MTH 525, FALL 2006

Brief Notes for Week 4

 

Week 4:

Monday, September 18

           Assignment 2 is collected.

           We begin Chapter 3, Linear Transformations (section 3.1), defining linear transformations, putting them in the larger context of mathematical “morphisms”, and giving a variety of examples.

           Major results from this lecture:

                       A linear transformation is uniquely defined on its basis.

                       Nullity + Rank = Dimension of the codomain.

                       Rank = Row rank.

           Do the following problems: 73: 1-7.

           For Wednesday’s class, read section 3.2.

 

Wednesday, September 20

           We do sections 3.2, 3.3 and begin section 3.4.

           In section 3.2 we look at the algebra of linear transformations.  We find a “good” basis for the vector space L(V,W). 

           We examine L(V,V), the space of linear operators on V. 

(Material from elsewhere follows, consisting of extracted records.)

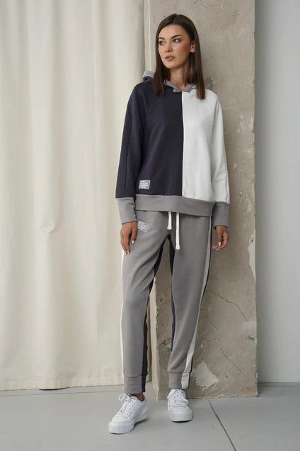 Перед тем, как отправиться на прогулку, шоппинг или активный вид отдыха, каждая из нас задумывается об одежде, которая будет практичной и одновременно стильной. Мы создали для вас спортивную капсулу, включающую несколько моделей худи и брюк, обьединенных общим стилистическим решением. Это позволяет составить комплект, который подходит именно вам, в котором вы точно почуствуете себя уверенно и комфортно (модель с широкими брюками арт.4340). Худи колор-блок из хлопчатобумажного футера. Покрой - реглан, силуэт прямой свободный. Полочка с центральным швом и боковым карманом с листочкой. Капюшон со средним швом. По низу рукавов притачная манжета, по низу изделия - пояс. Комфортные брюки джоггеры выполненные также в технике колор-блок. Высокая посадка, боковой карман с листочкой, комфортный эластичный пояс с люверсами и отделочным шнуром. По низкам брюк - отрезной манжет. Длина брюк около 98 см.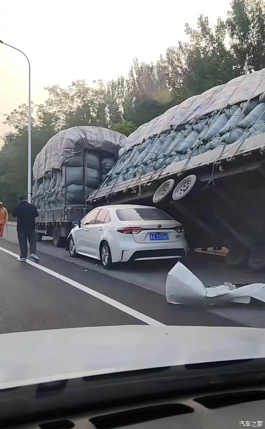 图一是高速钻卡车底下了,A柱断了,
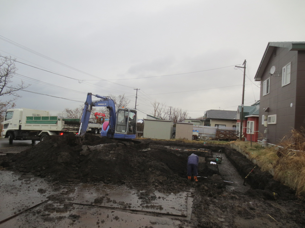 冬場の基礎工事になるので、掘削が終わったら養生上屋を架けます。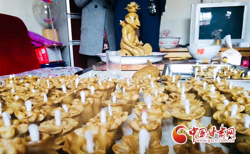 依照鄉(xiāng)俗,燈的數(shù)量一般為娘家最長(zhǎng)輩(爺爺、奶奶或父母)兩口子的年齡之和,以取健康長(zhǎng)壽之意。因?yàn)槊恳槐K小面燈里都插著棉花做的燈芯,注入適量清油,這樣在晚上就可以點(diǎn)燃。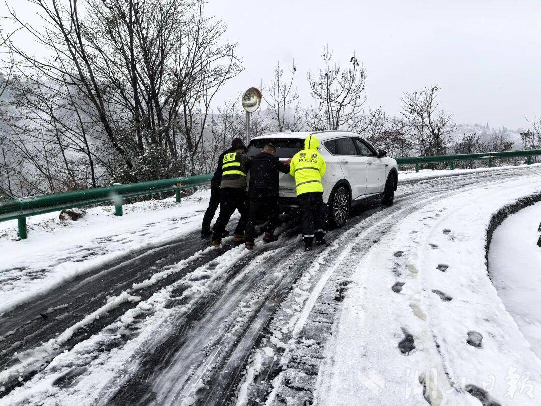 17日早晨,救援在多个角落同步展开。竹溪县桃源乡,一辆白色越野车在急弯处打滑。救援队负责人孙子绪与村民围拢上来,为车辆加装防滑链,双手冻得通红,仍一节节扣紧链条。丹江口市油瓶观村,车辆陷入雪窝失去动力,派出所副所长朱峰组织村民齐力上前,“一、二、三——推!”号子在风雪中格外响亮。

           We look at composition of linear transformations and show that it is equivalent to matrix multiplication!  (see p. 78 and then section 3.4.)

           We define nonsingular linear transformations.

           Theorem 8:  A linear transformation is nonsingular iff it maps independent sets to independent sets.

           We glance at Theorem 9 (equivalent statements about “nonsingular”.)

           Do 83: 1, 3, 4.

           We look at isomorphisms (section 3.3, very short.)

           We begin section 3.4, representing linear transformations as matrices (under the assumption that the underlying vector spaces are finite dimensional.)

           This “change of basis” matrix P has columns which are the coordinates of basis #2 written with respect to basis #1 (see p. 91, in chapter 3.)

 

Last modified October 1, 2006